Welcome back to Seen Elsewhere, my round-up of good stuff I’ve seen in R and data journalism this week.
There are three links here for you this week:
- An introduction to tidy text used on the novels of Jane Austen
- A ebook on text analysis in R
- This amazing map of shipping patterns
Tidytext introduction
I’ve been doing some research into text analysis in R this week and it’s something I hope to be able to start doing myself in the near future. This introduction is a good starting point by Julia Silge and David Robinson. The text analysis they ran divides words into ones with positive and negative connotations. It’s not a perfect system (what happens if you say something is ‘not good’ for instance?)

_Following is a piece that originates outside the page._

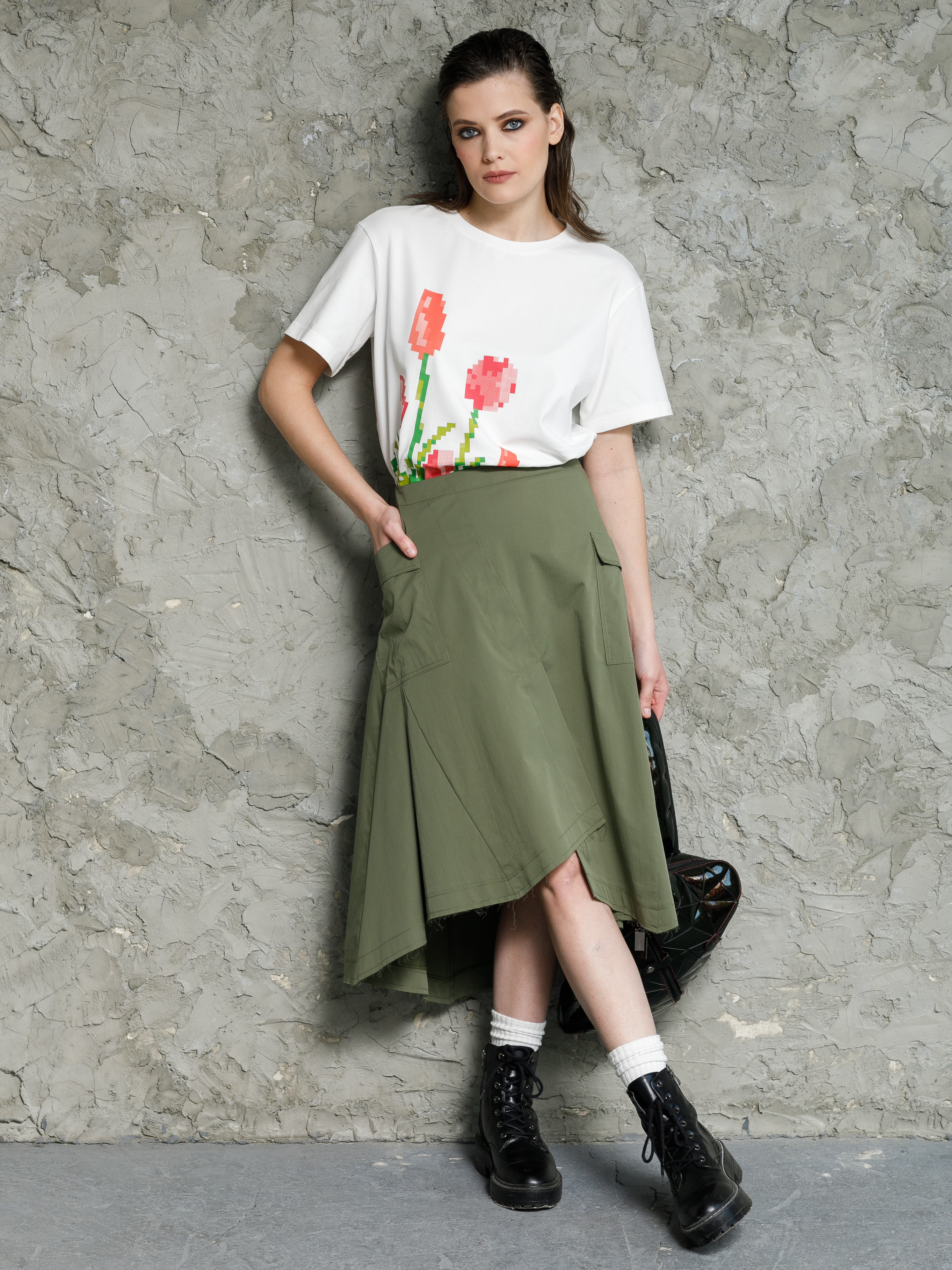 Модель А-образного силуэта. Сзади рельефы и застёжка на металлическую молнию в среднем шве. Спереди наклонные рельефы с застроченными складками. Наклонный подрез посередине с запахом. По бокам наклонные разноуровневые накладные карманы с цельнокроенными клапанами. Низ юбки обработан швами с открытыми срезами..
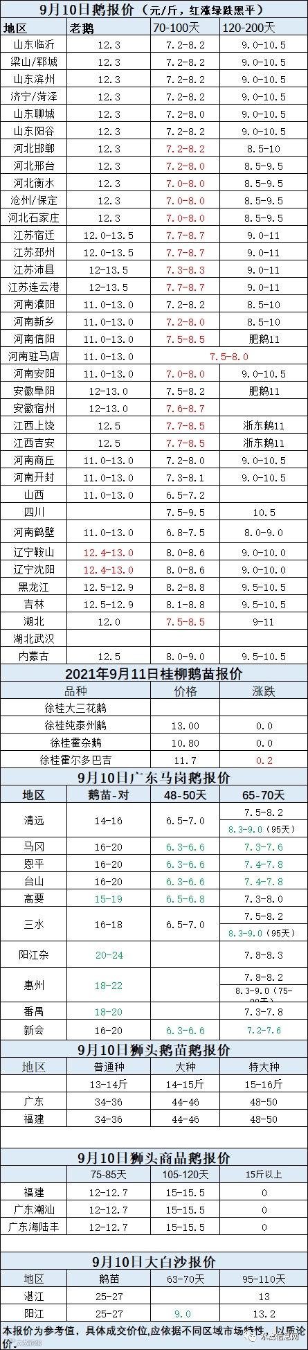 2021年9月10日商品鹅蛋价格(元/斤)

But it can produce some very informative results (this was from following their code):
This would probably mean more to me if I’d read any Jane Austen novels…
Text analysis ebook
Sticking with these two authors, they actually have published a whole ebook on tidy text, which I’m really looking forward to reading in full.
The world’s shipping routes visualised
This is a truly amazing visualisation by Kiln using hundreds of millions of data points to show the movement of cargo ships around the world. You can zoom in on bottlenecks such as the English Channel, the Panama Canal and the North American Great Lakes. It comes with a great explainer video to help make sense of all the data. They have also very kindly made it embeddable. I don’t know whether this was done using R, but it’s so good that I’ll make an exception if it wasn’t…